Nei mesi scorsi c’è stata una lotta auto-organizzata dei rifugiati davanti agli uffici Unhcr di Tripoli. L’avete seguita?

La nostra organizzazione è stata lì dal primo giorno. Abbiamo provato a supportare le circa 2mila persone che hanno dato il via alla mobilitazione. Ci siamo lamentati con l’Unhcr, sia localmente che a Ginevra. Siamo stati molto critici della posizione che ha assunto. L’Unhcr coopera ampiamente con le politiche migratorie italiane ed europee. Hanno rilasciato dei comunicati problematici e chiuso le porte ai rifugiati. Il capo della delegazione dell’Unione europea, invece, ha addirittura chiesto alla polizia libica di proteggere gli uffici, intervenendo.

A breve l’Italia rivoterà il finanziamento della guardia costiera libica. Cosa direbbe ai parlamentari?

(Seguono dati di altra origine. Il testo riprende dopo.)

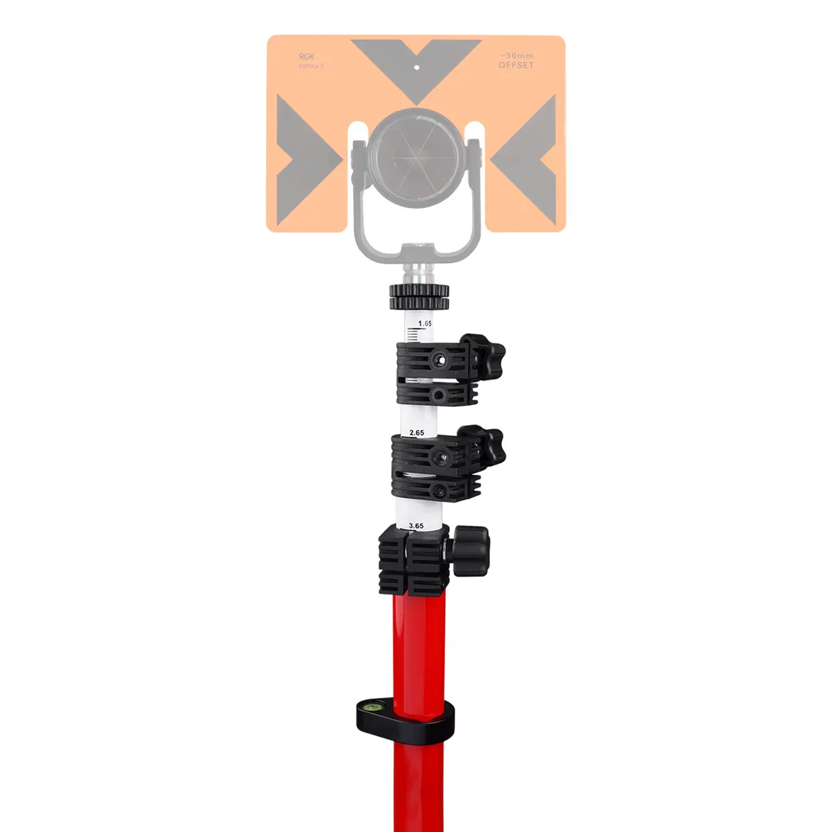 Практичная облегченная телескопическая веха RGK CLS46-FG, весом 2 кг, изготовленная из лёгкого токонепроводящего стекловолокна с регулируемым пузырьковым уровнем, предназначена для установки отражательных систем или ГНСС приемников на высоте до 4,6 м. Оснащена надёжным закрепительным винтом и регулируемым креплением с резьбой 5/8 x 11, позволяющим надежно фиксировать секции. В стандартной комплектации предусмотрен транспортировочный чехол и насадка на наконечник, для работы на нетвердом основании.

Dipende da qual è l’indicatore per valutare l’accordo. Se fosse sostenere, difendere o almeno non violare i diritti umani potremmo discutere di come aiutare le autorità libiche pretendendo il rispetto di condizionalità legate ai diritti umani. Se invece l’unico indicatore che interessa ai politici italiani è la sicurezza delle frontiere allora è difficile discutere. Quel che è certo è che sostenere la guardia costiera libica come è stato fatto finora uccide le persone. In mare o a terra.